Análisis de sintaxis basadas en sangría en Haskell's Parsec

Estoy tratando de analizar un lenguaje basado en sangrías (piense en Python, Haskell sí mismo, Boo, YAML) en Haskell usando Parsec. He visto la biblioteca de IndentParser, y parece que es la combinación perfecta, pero lo que no puedo entender es cómo hacer que mi TokenParser se convierta en un analizador de sangrías. Aquí está el código que tengo hasta ahora:Análisis de sintaxis basadas en sangría en Haskell's Parsec

import qualified Text.ParserCombinators.Parsec.Token as T 
import qualified Text.ParserCombinators.Parsec.IndentParser.Token as IT 

lexer = T.makeTokenParser mylangDef 
ident = IT.identifier lexer

Esto arroja el error:

parser2.hs:29:28: 
    Couldn't match expected type `IT.TokenParser st' 
      against inferred type `T.GenTokenParser s u m' 
    In the first argument of `IT.identifier', namely `lexer' 
    In the expression: IT.identifier lexer 
    In the definition of `ident': ident = IT.identifier lexer

¿Qué estoy haciendo mal? ¿Cómo debería crear un IT.TokenParser? ¿O está roto IndentParser y debe evitarse?

Fuente

2010-06-11 pavpanchekha

Parece que estás usando Parsec 3 aquí, mientras IndentParser espera Parsec 2. Su ejemplo compila para mí con -package parsec-2.1.0.1.
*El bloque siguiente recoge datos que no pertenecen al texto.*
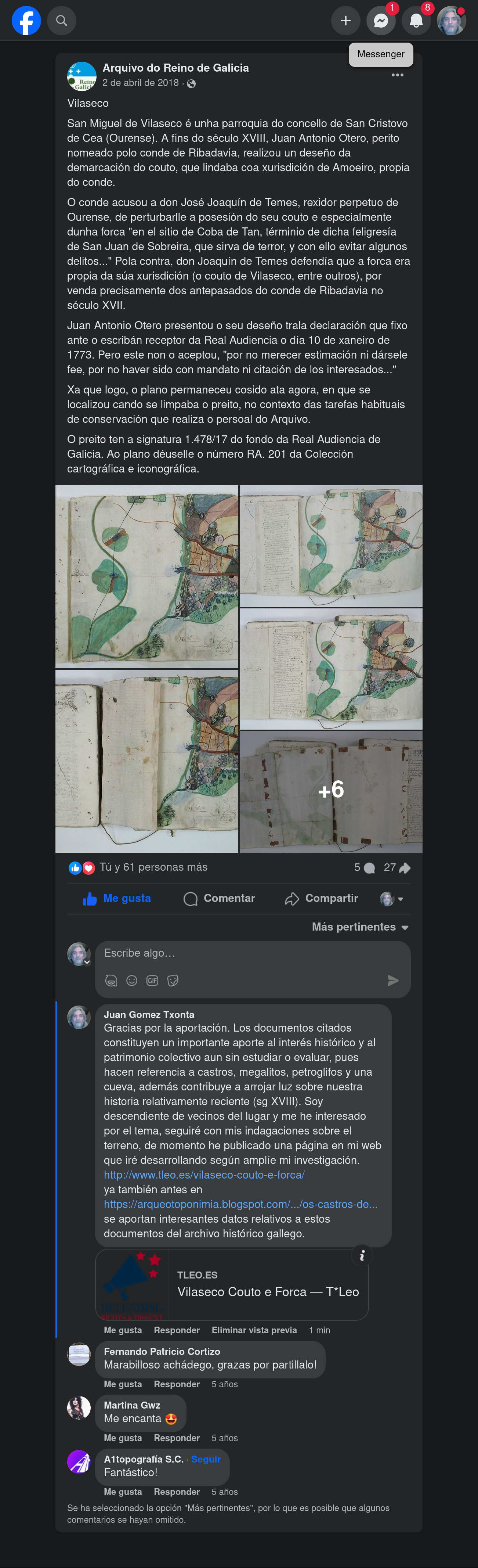 El articulo en el Facebook del "Arquivo Reino Galicia"
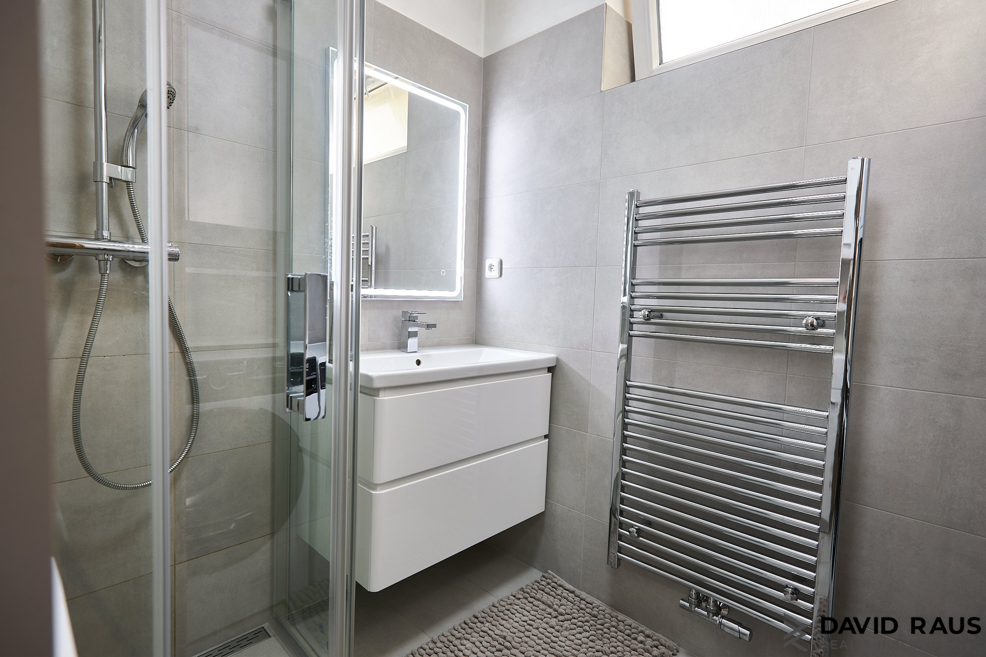 Koupelna prošla kompletní rekonstrukcí, která zahrnovala nejen nové obklady a vybavení, ale také modernizaci technických prvků. Je zde instalován sprchový kout, praktický žebříkový radiátor a připravený prostor pro pračka a sušičku umístěné nad sebou. Součástí rekonstrukce byla také instalace nového plynového kondenzačního kotle značky Baxi, včetně vyvložkování komínu, což zajišťuje spolehlivý a úsporný provoz. Výhodou koupelny je také okno umístěné přibližně ve výšce dvou metrů, které umožňuje přirozené větrání a přívod denního světla.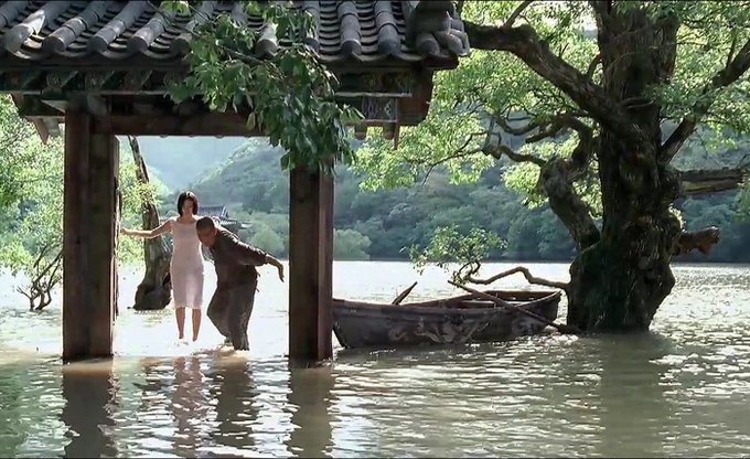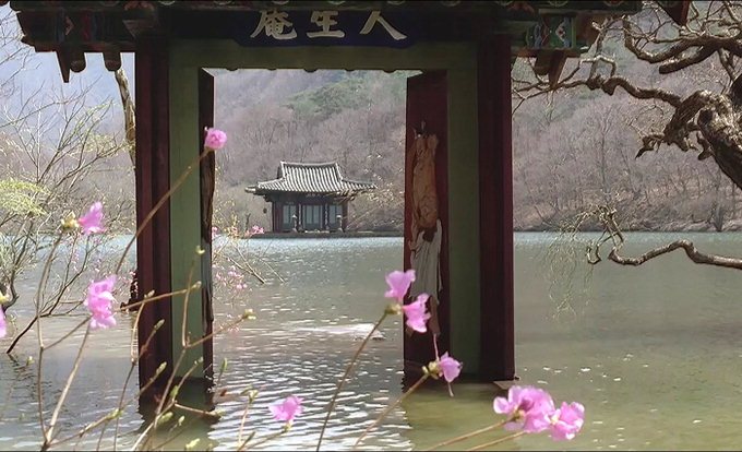 불교에서 나타나는 사찰건축에서는 물을 정화의 의미로 두었다. 속세에서 묻은 때를 씻어내는 역할을 하는 물을 꼭 지나게 하는 것이다. <봄 여름 가을 겨울 그리고 봄>은 물을 단순히 건너는 것이 아니라 배를 타고 지나야 할 정도로 많이 두었다. 영화에서는 물도 흐르고 공간도 흐른다. 우리의 시간도 인생도 흐른다. 흘러가는 것의 의미에 대해 생각해 볼 수 있는 영화다.

Por lo tanto, IndentParser no se rompe necesariamente, pero los autores deberían haber sido más específicos acerca de las versiones en la lista de dependencias. Es posible tener ambas versiones de Parsec instaladas, por lo que no hay ninguna razón por la que no deba usar IndentParser a menos que esté comprometido a usar Parsec 3 por otros motivos.

ACTUALIZACIÓN: En realidad no hay cambios en el origen son necesarios para obtener IdentParser trabajar con Parsec 3. El problema de que los dos estaban teniendo parece ser causado por el hecho de que tiene una cabal-install"soft preference" de Parsec 2 . usted simplemente puede volver a instalar IndentParser con una limitación explícita de la versión Parsec:

cabal install IndentParser --reinstall --constraint="parsec >= 3"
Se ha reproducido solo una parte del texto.